How the Number Operands of an Instruction Set Affects the Assembly Language

Instructor: Shadi Aljendi

Shadi has a Ph.D. in Computer Science and more than 20 years experience in industry and higher education.

When you design the instruction set of a processor, you need to make important decisions. Some decisions may make your hardware design complex, but they will simplify the ability to write programs for it. Other decisions may make for a simple hardware design, but create complex programming. In this lesson, we will take a look at the effect the number of machine instruction operands has on the complexity of an assembly program. Updated: 10/29/2019

Introduction

Designing a microprocessor is a complex process that involves making a number of decisions that might often lead to contradictory results. For example, if you decide to make programming easy for the user, you may find yourself having to design very complex hardware. In this lesson, we will look at an example of this by studying the effect of machine instruction complexity on an assembly language program.

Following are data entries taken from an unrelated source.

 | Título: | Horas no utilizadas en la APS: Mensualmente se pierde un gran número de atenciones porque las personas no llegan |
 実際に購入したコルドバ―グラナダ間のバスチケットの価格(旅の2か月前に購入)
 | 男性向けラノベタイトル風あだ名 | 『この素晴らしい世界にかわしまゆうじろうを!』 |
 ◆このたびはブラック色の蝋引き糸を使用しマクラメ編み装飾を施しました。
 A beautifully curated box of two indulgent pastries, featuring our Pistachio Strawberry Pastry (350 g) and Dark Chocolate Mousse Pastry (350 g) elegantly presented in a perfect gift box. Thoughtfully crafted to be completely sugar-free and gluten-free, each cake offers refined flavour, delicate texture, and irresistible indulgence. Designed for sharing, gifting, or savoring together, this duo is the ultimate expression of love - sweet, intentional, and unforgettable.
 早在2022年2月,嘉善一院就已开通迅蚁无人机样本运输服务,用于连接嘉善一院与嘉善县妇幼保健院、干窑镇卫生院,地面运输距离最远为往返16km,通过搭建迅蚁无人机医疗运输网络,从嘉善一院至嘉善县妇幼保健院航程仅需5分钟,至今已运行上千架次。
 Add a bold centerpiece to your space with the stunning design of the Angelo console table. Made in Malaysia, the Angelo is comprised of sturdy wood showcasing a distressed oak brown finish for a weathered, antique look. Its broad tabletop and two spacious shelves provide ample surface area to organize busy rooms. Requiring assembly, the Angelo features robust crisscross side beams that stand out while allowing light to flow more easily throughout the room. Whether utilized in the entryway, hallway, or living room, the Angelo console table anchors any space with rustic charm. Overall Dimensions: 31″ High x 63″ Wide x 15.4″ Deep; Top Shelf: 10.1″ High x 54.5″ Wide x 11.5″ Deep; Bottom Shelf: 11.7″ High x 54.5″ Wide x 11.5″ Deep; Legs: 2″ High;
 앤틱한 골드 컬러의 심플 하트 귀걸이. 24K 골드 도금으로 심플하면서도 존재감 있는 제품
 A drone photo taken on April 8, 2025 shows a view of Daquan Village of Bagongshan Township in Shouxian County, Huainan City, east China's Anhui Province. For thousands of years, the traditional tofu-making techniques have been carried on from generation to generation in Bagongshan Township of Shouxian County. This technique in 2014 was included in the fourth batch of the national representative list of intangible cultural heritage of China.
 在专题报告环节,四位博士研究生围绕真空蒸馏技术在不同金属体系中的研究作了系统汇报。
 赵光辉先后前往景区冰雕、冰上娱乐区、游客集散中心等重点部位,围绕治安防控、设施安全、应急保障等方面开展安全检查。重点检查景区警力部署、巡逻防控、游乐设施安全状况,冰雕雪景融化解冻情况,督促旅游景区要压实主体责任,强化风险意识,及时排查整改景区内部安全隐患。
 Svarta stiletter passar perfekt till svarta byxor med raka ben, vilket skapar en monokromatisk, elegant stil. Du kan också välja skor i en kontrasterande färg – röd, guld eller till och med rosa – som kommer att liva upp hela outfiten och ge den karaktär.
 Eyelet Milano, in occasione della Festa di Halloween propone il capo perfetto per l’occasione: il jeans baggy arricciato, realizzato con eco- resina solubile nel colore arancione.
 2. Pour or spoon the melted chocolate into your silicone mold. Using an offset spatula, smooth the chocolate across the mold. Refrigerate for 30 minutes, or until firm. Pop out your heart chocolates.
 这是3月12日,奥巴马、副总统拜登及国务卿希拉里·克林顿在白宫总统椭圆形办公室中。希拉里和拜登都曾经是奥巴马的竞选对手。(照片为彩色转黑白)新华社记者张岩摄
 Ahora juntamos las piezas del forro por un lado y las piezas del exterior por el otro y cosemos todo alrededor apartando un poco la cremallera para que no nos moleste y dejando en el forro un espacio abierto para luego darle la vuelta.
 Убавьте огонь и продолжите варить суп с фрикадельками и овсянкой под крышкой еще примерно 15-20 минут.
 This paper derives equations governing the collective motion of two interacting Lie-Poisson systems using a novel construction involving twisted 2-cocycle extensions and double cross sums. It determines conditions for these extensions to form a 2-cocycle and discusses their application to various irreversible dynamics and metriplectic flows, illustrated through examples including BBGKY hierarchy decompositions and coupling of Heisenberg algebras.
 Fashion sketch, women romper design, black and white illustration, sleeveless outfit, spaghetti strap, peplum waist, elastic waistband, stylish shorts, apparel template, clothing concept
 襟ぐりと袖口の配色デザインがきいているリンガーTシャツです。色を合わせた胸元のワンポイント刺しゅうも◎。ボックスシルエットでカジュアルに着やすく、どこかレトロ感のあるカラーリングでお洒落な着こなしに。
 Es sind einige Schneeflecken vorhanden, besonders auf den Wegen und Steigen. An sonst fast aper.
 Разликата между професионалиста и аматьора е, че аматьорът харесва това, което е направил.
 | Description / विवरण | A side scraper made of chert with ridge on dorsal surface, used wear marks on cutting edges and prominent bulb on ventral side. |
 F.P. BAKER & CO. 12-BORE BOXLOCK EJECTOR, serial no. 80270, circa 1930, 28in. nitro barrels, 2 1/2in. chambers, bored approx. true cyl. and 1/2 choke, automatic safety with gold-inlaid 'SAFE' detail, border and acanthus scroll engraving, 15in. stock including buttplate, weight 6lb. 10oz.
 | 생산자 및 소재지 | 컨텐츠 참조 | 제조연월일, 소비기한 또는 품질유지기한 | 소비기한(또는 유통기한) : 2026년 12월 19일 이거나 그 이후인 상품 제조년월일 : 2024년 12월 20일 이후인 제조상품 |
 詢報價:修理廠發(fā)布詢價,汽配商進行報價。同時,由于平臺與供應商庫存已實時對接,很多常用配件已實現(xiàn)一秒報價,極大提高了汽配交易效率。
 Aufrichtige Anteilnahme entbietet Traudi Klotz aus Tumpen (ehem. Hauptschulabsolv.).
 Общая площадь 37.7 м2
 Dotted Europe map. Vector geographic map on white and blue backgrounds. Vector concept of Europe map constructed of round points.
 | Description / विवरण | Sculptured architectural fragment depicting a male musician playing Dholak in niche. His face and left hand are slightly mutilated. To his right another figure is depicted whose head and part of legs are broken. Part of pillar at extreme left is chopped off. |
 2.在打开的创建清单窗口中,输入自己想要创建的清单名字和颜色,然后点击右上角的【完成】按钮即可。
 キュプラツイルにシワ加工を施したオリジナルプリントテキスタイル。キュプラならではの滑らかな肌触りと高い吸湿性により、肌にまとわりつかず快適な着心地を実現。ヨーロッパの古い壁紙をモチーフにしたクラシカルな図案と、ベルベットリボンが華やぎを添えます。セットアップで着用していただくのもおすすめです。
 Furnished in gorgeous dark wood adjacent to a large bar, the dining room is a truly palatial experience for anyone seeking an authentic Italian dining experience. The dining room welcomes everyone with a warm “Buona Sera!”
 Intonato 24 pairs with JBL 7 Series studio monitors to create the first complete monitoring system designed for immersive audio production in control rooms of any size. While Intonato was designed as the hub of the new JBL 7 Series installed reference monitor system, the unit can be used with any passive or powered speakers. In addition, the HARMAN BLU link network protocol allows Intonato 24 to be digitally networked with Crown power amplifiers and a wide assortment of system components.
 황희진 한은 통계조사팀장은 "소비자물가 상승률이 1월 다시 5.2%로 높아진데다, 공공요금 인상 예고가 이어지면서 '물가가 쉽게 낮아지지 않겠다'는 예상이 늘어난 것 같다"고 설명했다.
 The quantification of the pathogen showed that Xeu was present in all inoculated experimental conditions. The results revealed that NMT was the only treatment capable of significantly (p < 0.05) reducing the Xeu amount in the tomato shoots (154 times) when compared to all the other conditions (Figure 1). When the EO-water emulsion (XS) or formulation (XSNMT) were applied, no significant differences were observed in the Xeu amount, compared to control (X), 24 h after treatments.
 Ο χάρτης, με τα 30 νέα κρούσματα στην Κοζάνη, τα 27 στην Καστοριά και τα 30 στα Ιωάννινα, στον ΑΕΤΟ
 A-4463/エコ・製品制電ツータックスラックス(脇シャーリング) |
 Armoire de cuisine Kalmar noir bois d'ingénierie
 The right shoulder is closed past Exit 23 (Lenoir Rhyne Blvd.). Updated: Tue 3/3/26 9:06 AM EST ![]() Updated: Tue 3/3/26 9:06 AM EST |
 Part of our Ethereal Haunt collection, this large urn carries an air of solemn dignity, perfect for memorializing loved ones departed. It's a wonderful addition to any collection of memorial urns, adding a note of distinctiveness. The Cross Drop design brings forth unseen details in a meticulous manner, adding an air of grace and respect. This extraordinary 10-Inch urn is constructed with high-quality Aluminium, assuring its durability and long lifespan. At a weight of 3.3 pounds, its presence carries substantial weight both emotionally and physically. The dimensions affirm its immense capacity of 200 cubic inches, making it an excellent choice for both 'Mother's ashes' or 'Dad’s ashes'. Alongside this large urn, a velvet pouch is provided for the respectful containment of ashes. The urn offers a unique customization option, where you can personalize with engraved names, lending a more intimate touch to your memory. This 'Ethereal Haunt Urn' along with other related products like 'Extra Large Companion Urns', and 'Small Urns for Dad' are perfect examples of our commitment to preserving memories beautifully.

The Different Structures of Machine Instructions

A 2-operand machine instruction must include (implicitly or explicitly) the following parts:

  • The operation
  • Source 1 which represents the first operand
  • Source 2 which represents the second operand
  • The destination which is the register or the memory address that will store the result of the instruction

Each one of these fields must be coded using a certain number of bits. The number of required bits is determined by the number of possibilities in each field. The number of bits for the operation field is determined by the number of native processor operations. The number of bits for each of the remaining fields is determined by the operation's addressing space.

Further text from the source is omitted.